Medical Marijuana Gets Blessing of Orthodox Rabbi — But Don’t Get High
An Israeli Orthodox rabbi ruled that distributing and smoking medicinal marijuana are kosher, but using weed for fun was “forbidden.”
Efraim Zalmanovich, the rabbi of Mazkeret Batia, a town south of Tel Aviv, made the distinction in a recent halakhic ruling, NRG, the news site of the Maariv daily reported on Friday.
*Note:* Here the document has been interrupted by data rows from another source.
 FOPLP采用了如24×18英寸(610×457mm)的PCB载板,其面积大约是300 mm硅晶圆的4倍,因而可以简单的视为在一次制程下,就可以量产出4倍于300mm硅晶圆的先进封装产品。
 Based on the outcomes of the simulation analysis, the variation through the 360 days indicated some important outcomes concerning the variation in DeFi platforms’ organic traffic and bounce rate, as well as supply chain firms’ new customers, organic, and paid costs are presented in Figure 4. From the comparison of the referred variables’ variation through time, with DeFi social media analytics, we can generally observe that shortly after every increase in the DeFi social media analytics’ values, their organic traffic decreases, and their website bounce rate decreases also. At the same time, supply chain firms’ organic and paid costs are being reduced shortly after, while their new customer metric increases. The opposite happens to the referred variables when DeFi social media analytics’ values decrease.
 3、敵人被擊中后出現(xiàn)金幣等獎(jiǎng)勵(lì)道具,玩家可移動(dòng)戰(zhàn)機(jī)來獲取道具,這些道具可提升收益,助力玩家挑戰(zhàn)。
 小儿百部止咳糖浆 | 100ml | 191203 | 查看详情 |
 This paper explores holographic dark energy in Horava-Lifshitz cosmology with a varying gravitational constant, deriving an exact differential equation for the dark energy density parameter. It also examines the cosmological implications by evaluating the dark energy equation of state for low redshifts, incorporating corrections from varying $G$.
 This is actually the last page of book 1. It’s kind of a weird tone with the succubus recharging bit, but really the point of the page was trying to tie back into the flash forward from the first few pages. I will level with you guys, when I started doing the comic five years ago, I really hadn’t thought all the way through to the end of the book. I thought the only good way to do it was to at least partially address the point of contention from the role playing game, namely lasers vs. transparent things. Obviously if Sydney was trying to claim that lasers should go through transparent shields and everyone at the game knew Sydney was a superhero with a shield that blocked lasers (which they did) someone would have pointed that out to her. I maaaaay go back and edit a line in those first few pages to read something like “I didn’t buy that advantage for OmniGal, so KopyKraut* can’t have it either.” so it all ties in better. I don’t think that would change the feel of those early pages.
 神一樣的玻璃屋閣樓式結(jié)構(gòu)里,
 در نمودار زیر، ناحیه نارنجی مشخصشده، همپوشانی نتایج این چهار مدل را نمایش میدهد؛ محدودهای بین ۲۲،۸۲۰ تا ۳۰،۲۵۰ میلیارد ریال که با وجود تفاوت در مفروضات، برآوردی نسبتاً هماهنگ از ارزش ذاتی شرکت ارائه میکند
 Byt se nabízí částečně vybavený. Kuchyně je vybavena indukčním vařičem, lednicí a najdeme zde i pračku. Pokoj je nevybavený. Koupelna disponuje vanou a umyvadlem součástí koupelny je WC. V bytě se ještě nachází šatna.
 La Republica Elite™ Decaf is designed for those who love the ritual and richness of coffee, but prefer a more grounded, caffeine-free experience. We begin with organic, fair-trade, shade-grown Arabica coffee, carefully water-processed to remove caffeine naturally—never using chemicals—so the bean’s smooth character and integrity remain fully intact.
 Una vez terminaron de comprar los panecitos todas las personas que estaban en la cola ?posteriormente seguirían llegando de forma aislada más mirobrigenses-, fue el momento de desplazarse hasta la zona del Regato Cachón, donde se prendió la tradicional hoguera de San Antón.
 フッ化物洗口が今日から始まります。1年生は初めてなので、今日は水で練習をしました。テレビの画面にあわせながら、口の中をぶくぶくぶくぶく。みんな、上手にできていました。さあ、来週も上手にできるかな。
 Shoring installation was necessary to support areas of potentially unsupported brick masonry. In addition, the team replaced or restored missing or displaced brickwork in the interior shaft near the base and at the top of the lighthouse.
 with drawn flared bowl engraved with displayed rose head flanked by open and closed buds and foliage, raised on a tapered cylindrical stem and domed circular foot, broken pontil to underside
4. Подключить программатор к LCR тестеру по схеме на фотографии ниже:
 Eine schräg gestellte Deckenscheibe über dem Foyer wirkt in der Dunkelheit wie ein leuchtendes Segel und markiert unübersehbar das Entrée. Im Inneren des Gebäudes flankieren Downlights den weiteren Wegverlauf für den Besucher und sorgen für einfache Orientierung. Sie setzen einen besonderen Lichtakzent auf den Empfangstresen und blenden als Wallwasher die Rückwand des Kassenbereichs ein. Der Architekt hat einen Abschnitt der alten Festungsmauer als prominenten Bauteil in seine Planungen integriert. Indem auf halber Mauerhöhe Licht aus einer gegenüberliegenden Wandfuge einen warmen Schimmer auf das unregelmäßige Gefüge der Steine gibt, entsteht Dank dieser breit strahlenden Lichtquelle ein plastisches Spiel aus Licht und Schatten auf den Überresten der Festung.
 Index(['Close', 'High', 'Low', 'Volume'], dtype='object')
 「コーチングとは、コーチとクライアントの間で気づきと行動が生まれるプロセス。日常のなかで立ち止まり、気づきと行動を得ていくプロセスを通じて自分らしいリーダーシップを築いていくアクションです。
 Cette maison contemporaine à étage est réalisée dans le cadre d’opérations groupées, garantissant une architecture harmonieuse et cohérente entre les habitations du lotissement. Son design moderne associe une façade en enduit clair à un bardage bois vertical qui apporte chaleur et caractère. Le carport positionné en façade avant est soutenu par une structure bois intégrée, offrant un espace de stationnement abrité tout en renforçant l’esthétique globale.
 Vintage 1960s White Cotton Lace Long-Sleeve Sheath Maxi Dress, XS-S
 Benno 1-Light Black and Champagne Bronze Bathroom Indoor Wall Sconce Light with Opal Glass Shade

Leading rabbis frequently weigh in on matters of reconciling halacha, or religious Jewish law, with modern living.
Zalmanovich’s ruling modifies an opinion by Rabbi Hagai Bar Giora, head of kitchens, bakeries factories catering and events at the Israeli chief rabbinate, who in March told Israel’s Magazin Canabis: “If you smoke it, there is no problem whatsoever.”
Zalmanovich, the author of a book on alcoholism in Judaism, said: “Taking drugs to escape this world in any excessive way is certainly forbidden.” However, if the drug is administered to relieve pain, then the person giving it is “performing a mitzvah,” meaning a good deed commanded by faith, and the person using the drug is using it “in a kosher fashion.”
Some 11,000 Israelis use medicinal marijuana, including people with posttraumatic disorders and Parkinson’s disease, according to the Israeli health ministry.